The SCR triggers ON as follows (Figure 4 (c)): •

I G flows as the base current for the NPN transistor.

•

The NPN transistor switches ON and takes base current from the PNP transistor

•

The PNP transistor now switches ON.

•

Collector current from the PNP transistor now feeds the NPN transistor and it remains ON when the gate current is removed.

BOTH transistors will continue to conduct until the anode current I A ≈ 0. 4. THYRISTOR V-I CHARACTERISTIC CURVES The V-I characteristic of a SCR and its primary parameters are in Figure 5. The reverse blocking state is similar to a diode, as is the forward blocking state, and each is characterized by a leakage current and a breakdown voltage. With an AC supply, v S goes positive and negative and the V-I trace will follow A, O, C, O, A, etc. Only very small leakage currents will flow, so the SCR is OFF. When v S is between O and C, the SCR is forward biased.

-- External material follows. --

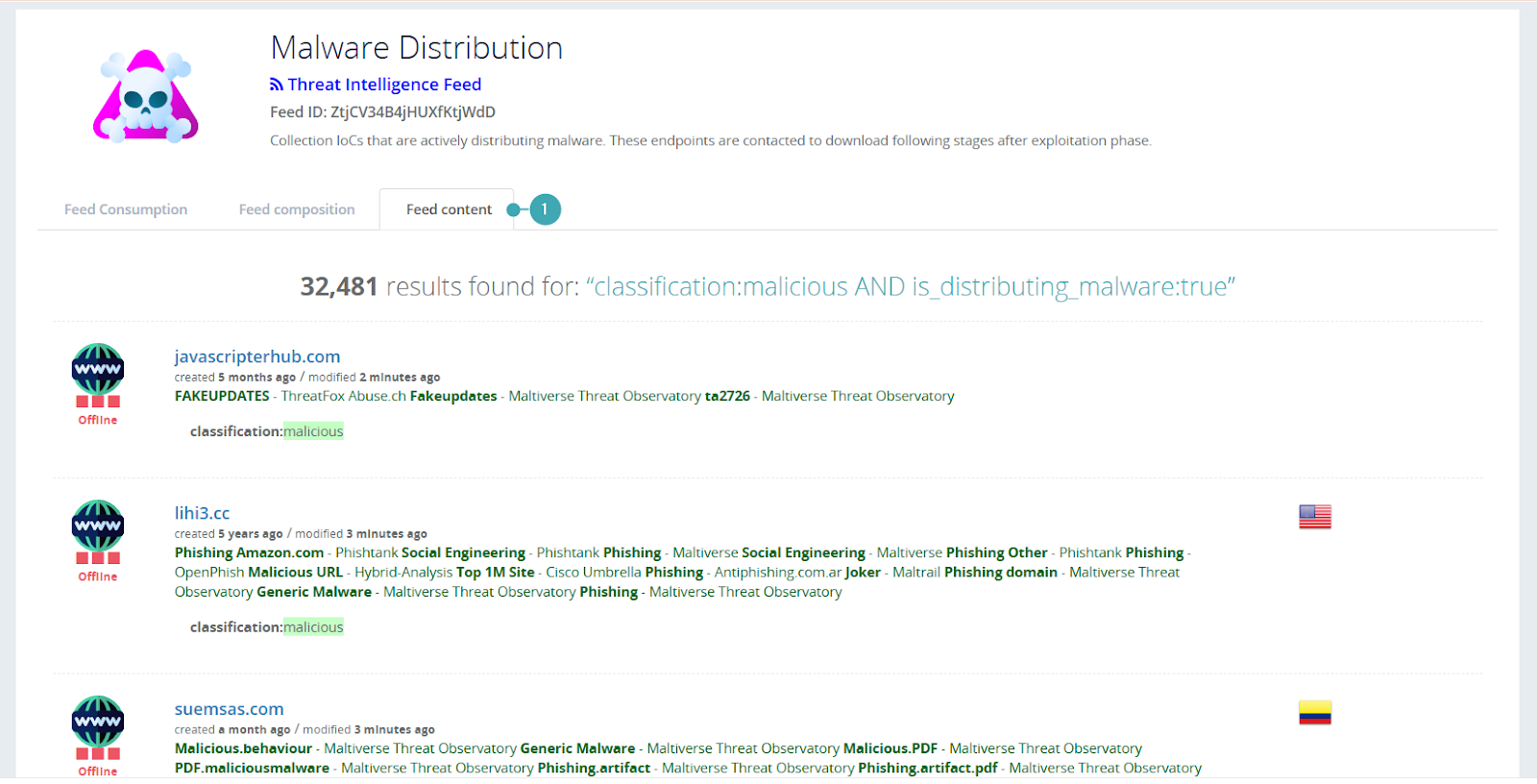 All of this data is processed and continuously refined to form the Threat Feeds, collections of IoCs grouped by their nature or behavior, such as Command and Control activity, malware distribution, malicious IP addresses, TOR nodes, and more.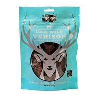 GoGo's USA Wild Venison Jerky Bars are made with your little carnivore in mind! Sourced from free-range wild Hawaiian axis venison these jerky treats are made with antioxidant rich blueberries, non-GMO chia and flax seeds, and fresh sweet potatoes that provide fiber, healthy fatty acids and micronutrients. Added glucosamine and chondroitin sulfate promote joint health, while rosemary and vitamin E keep the treats fresh. Fantastic for high-reward training, and treats can be broken into smaller pieces. Delicious, nutritious treats your pet will love! Net wt. 6 oz.

If a pulse of gate current is applied at B, the characteristic will follow O, B, D, the SCR is conducting, it is ON. Following v S , the characteristic will return back along D, B, O, A as the SCR returns to non-conducting state-OFF.

Figure 5: SCR Characteristic Curves

(Remember the gate cannot be used to switch OFF the SCR.) To summarise: •

No Gate Trigger: A, O, C, O, A, O etc. – SCR is OFF.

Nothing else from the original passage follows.